Problem to work on. Your output should match the listing below word for word, without any images.

Recorded information.

──────────

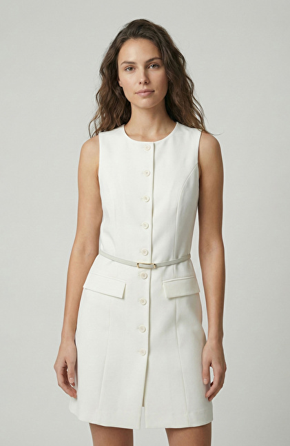 Kırık Beyaz Mini Elbise
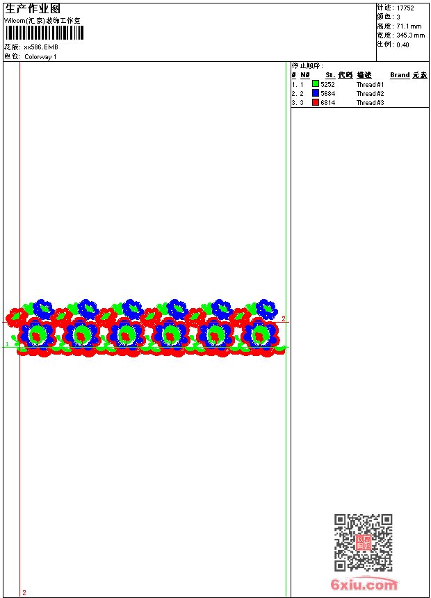 - emb花版参数: 大小:45.00 KB / 尺寸:345*71[毫米] / 针数:17752针 / 线色:3 / 格式:emb / 版本:9
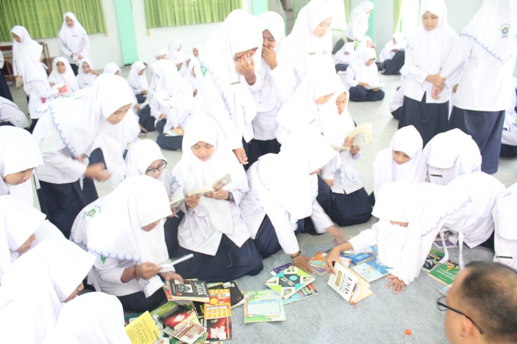 Tingkatkan Literasi, Perpustakaan Keliling Hadir di MTs Miftahul Qulub Polagan

──────────

Answer section.
 Kırık Beyaz Mini Elbise
 - emb花版参数: 大小:45.00 KB / 尺寸:345*71[毫米] / 针数:17752针 / 线色:3 / 格式:emb / 版本:9
 Tingkatkan Literasi, Perpustakaan Keliling Hadir di MTs Miftahul Qulub Polagan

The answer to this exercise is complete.